È questa una questione
su la quale si è discusso qualche volta. Per noi è stata già
risolta da quel che precede; l’atto proprio della devozione, è, evidentemente
l’atto d’amore. Gesù ci dà il suo cuore per avere il nostro. La devozione
all’amore è, essenzialmente, una devozione d’amore. La sua divisa è:
Nos ergo diligamus Deum, quoniam ipse prior dilexit nos (Gv 4,19).
E ancora: Sic nos amantem quis non redamaret? All’amore, rispondiamo con l’amore.

Ma, notiamolo bene, per questo appunto che si presenta come una risposta all’amore,
quest’amore ha dei caratteri speciali, determinati in gran parte dall’amore che vuol
riconoscere rispondendo ad esso.

Io non parlo del colore indescrivibile che gl’imprime il sentimento sempre presente
della distanza fra noi e l’Amico divino, la cognizione di ciò che Egli è
e di quel che noi siamo; Egli ci mette, a suo riguardo, in un’attitudine analoga
a quella degli Apostoli dopo la risurrezione, al mattino della pesca miracolosa.
Mangiando sotto i suoi sguardi la piccola refezione che egli stesso aveva preparato
loro, non osavano domandargli chi fosse, ben sapendo che era Gesù. Egli addolcisce
tutte le relazioni fra lui e noi per fondere insieme la condiscendenza infinita che
senza abbassarsi discende alla più intima familiarità, e il rispetto
affettuoso che osa amare semplicemente, senza dimenticare l’audacia di volgere in
alto i propri affetti. Voglio indicare certi tratti più speciali di questo
amore, tali come li richiede la devozione.

È un amore reciproco che non dimentica mai d’essere amato. Se si fosse tentati
di dimenticarlo, uno sguardo al sacro Cuore, ce lo ricorderebbe subito.

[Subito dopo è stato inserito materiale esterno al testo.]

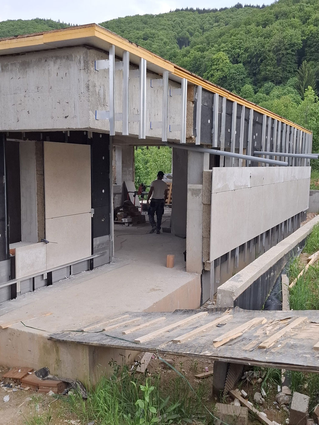 „Provocarea a fost să realizăm montajul exact pe sistemul ETEM, cu cadre și profile metalice, și să asigurăm că fiecare placă stă stabil, rosturile sunt uniforme și fixările nu compromit estetica.”

Quest’amore reciproco è, malgrado le distanze, un amore d’amicizia, un amore
di familiarità, di fratellanza intima e tenera. Ciò dipende in parte,
senza dubbio, dal fatto che l’amore del sacro Cuore per noi si presenta come un amore
umano, sotto forme sensibili, alla misura, per così dire, del nostro cuore.
Ma ciò dipende soprattutto dal fatto che questo amore, essendo quello di Gesù,
del Verbo incarnato, non possiamo dimenticare che egli ha voluto immedesimarsi nella
nostra famiglia per immedesimarci nella sua, e che, essendo Dio, ha voluto farsi
uomo per fare dell’uomo un Dio.

Quest’amore reciproco, pertanto, non dimentica che una parte ha prevenuto, che Gesù
ha fatto i primi passi e che non ci resta che corrispondere. Si ferma dunque a studiare
questo amore che previene a tutto quello che ha fatto; cerca, pur sapendo di non
arrivar mai, di corrispondere alla tenerezza e all’ardore di quest’amore, con tutta
la sua potenza di tenerezza e di ardore, alla sua generosità, con tutta la
sua forza di abnegazione disinteressata, ecc…. In una parola si sforza, in una
lotta ineguale, di rispondere con la perfezione dell’amore, all’amore perfetto che
l’ha prevenuto.

Ma l’amore di Gesù, come si è rivelato a santa Margherita Maria, è
un amore sconosciuto e oltraggiato. Ed è questo che dà tutta la sua
importanza all’atto di riparazione, al culto del sacro Cuore. Questo posto fatto
alla riparazione è tale che, qualche volta, sembra presentarsi come il primo
atto e il più essenziale della devozione. E pertanto non è così.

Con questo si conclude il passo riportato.